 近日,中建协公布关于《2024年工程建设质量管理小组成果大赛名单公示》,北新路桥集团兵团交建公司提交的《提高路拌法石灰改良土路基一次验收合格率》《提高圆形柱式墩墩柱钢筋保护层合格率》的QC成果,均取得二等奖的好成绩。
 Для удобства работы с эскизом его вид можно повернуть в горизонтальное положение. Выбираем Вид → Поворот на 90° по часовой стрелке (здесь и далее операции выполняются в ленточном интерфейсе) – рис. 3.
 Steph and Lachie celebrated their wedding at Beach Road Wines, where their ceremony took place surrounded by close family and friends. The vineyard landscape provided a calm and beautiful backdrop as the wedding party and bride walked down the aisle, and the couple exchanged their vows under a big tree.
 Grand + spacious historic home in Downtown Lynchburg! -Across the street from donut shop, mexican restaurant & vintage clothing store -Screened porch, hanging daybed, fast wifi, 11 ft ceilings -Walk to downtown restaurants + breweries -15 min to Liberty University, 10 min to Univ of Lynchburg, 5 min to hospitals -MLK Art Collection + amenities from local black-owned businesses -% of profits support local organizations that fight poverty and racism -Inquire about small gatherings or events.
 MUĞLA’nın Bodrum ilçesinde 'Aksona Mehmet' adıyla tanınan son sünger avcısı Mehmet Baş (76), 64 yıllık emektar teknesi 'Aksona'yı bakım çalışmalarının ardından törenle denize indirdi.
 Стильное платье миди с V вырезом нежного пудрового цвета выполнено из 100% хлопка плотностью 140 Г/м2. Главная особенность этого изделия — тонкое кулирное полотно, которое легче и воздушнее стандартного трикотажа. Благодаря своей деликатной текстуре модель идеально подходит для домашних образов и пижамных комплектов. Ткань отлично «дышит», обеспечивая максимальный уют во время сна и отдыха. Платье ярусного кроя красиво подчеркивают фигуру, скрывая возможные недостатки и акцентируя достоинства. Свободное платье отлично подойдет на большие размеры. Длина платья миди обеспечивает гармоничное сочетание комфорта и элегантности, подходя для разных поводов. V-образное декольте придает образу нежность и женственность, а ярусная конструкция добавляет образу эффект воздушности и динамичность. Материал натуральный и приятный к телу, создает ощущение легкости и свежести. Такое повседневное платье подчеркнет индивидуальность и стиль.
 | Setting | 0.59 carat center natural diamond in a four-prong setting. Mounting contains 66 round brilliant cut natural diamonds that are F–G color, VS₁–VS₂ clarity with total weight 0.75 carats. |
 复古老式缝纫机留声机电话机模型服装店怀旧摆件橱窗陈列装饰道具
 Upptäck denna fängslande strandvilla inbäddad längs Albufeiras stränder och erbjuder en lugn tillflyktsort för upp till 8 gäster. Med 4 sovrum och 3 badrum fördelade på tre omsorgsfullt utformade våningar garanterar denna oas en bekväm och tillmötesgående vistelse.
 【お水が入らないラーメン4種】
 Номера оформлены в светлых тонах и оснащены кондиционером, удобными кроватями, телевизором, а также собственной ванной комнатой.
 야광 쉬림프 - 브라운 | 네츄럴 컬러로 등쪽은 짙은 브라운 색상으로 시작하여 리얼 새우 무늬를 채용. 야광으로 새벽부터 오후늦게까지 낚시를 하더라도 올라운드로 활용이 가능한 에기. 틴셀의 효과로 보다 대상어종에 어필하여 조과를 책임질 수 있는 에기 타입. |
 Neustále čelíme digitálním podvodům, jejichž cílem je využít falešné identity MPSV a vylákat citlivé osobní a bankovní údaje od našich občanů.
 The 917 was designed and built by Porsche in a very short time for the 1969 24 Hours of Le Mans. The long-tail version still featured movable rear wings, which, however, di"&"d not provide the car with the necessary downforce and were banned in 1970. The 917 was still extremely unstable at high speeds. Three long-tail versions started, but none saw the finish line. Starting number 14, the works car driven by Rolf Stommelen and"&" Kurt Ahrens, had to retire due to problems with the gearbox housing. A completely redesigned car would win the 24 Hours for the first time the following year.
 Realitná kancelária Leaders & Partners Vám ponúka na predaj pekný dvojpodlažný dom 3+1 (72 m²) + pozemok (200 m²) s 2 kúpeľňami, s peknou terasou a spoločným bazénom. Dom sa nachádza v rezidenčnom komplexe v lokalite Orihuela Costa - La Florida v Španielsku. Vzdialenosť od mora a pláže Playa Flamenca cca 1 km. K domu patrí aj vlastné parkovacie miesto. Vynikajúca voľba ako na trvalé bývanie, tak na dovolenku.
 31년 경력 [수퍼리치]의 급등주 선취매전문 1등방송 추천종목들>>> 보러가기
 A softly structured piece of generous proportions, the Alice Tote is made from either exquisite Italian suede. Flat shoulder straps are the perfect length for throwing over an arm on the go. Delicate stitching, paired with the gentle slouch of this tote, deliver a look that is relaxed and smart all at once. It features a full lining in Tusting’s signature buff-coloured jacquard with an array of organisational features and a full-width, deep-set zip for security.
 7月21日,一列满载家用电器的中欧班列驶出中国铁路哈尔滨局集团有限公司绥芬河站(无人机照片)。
═══
WORK REQUIRED =
Write out all the entries once more, exactly.

TASK SOLUTION =
 近日,中建协公布关于《2024年工程建设质量管理小组成果大赛名单公示》,北新路桥集团兵团交建公司提交的《提高路拌法石灰改良土路基一次验收合格率》《提高圆形柱式墩墩柱钢筋保护层合格率》的QC成果,均取得二等奖的好成绩。
 Для удобства работы с эскизом его вид можно повернуть в горизонтальное положение. Выбираем Вид → Поворот на 90° по часовой стрелке (здесь и далее операции выполняются в ленточном интерфейсе) – рис. 3.
 Steph and Lachie celebrated their wedding at Beach Road Wines, where their ceremony took place surrounded by close family and friends. The vineyard landscape provided a calm and beautiful backdrop as the wedding party and bride walked down the aisle, and the couple exchanged their vows under a big tree.
 Grand + spacious historic home in Downtown Lynchburg! -Across the street from donut shop, mexican restaurant & vintage clothing store -Screened porch, hanging daybed, fast wifi, 11 ft ceilings -Walk to downtown restaurants + breweries -15 min to Liberty University, 10 min to Univ of Lynchburg, 5 min to hospitals -MLK Art Collection + amenities from local black-owned businesses -% of profits support local organizations that fight poverty and racism -Inquire about small gatherings or events.
 MUĞLA’nın Bodrum ilçesinde 'Aksona Mehmet' adıyla tanınan son sünger avcısı Mehmet Baş (76), 64 yıllık emektar teknesi 'Aksona'yı bakım çalışmalarının ardından törenle denize indirdi.
 Стильное платье миди с V вырезом нежного пудрового цвета выполнено из 100% хлопка плотностью 140 Г/м2. Главная особенность этого изделия — тонкое кулирное полотно, которое легче и воздушнее стандартного трикотажа. Благодаря своей деликатной текстуре модель идеально подходит для домашних образов и пижамных комплектов. Ткань отлично «дышит», обеспечивая максимальный уют во время сна и отдыха. Платье ярусного кроя красиво подчеркивают фигуру, скрывая возможные недостатки и акцентируя достоинства. Свободное платье отлично подойдет на большие размеры. Длина платья миди обеспечивает гармоничное сочетание комфорта и элегантности, подходя для разных поводов. V-образное декольте придает образу нежность и женственность, а ярусная конструкция добавляет образу эффект воздушности и динамичность. Материал натуральный и приятный к телу, создает ощущение легкости и свежести. Такое повседневное платье подчеркнет индивидуальность и стиль.
 | Setting | 0.59 carat center natural diamond in a four-prong setting. Mounting contains 66 round brilliant cut natural diamonds that are F–G color, VS₁–VS₂ clarity with total weight 0.75 carats. |
 复古老式缝纫机留声机电话机模型服装店怀旧摆件橱窗陈列装饰道具
 Upptäck denna fängslande strandvilla inbäddad längs Albufeiras stränder och erbjuder en lugn tillflyktsort för upp till 8 gäster. Med 4 sovrum och 3 badrum fördelade på tre omsorgsfullt utformade våningar garanterar denna oas en bekväm och tillmötesgående vistelse.
 【お水が入らないラーメン4種】
 Номера оформлены в светлых тонах и оснащены кондиционером, удобными кроватями, телевизором, а также собственной ванной комнатой.
 야광 쉬림프 - 브라운 | 네츄럴 컬러로 등쪽은 짙은 브라운 색상으로 시작하여 리얼 새우 무늬를 채용. 야광으로 새벽부터 오후늦게까지 낚시를 하더라도 올라운드로 활용이 가능한 에기. 틴셀의 효과로 보다 대상어종에 어필하여 조과를 책임질 수 있는 에기 타입. |
 Neustále čelíme digitálním podvodům, jejichž cílem je využít falešné identity MPSV a vylákat citlivé osobní a bankovní údaje od našich občanů.
 The 917 was designed and built by Porsche in a very short time for the 1969 24 Hours of Le Mans. The long-tail version still featured movable rear wings, which, however, di"&"d not provide the car with the necessary downforce and were banned in 1970. The 917 was still extremely unstable at high speeds. Three long-tail versions started, but none saw the finish line. Starting number 14, the works car driven by Rolf Stommelen and"&" Kurt Ahrens, had to retire due to problems with the gearbox housing. A completely redesigned car would win the 24 Hours for the first time the following year.
 Realitná kancelária Leaders & Partners Vám ponúka na predaj pekný dvojpodlažný dom 3+1 (72 m²) + pozemok (200 m²) s 2 kúpeľňami, s peknou terasou a spoločným bazénom. Dom sa nachádza v rezidenčnom komplexe v lokalite Orihuela Costa - La Florida v Španielsku. Vzdialenosť od mora a pláže Playa Flamenca cca 1 km. K domu patrí aj vlastné parkovacie miesto. Vynikajúca voľba ako na trvalé bývanie, tak na dovolenku.
 31년 경력 [수퍼리치]의 급등주 선취매전문 1등방송 추천종목들>>> 보러가기
 A softly structured piece of generous proportions, the Alice Tote is made from either exquisite Italian suede. Flat shoulder straps are the perfect length for throwing over an arm on the go. Delicate stitching, paired with the gentle slouch of this tote, deliver a look that is relaxed and smart all at once. It features a full lining in Tusting’s signature buff-coloured jacquard with an array of organisational features and a full-width, deep-set zip for security.
 7月21日,一列满载家用电器的中欧班列驶出中国铁路哈尔滨局集团有限公司绥芬河站(无人机照片)。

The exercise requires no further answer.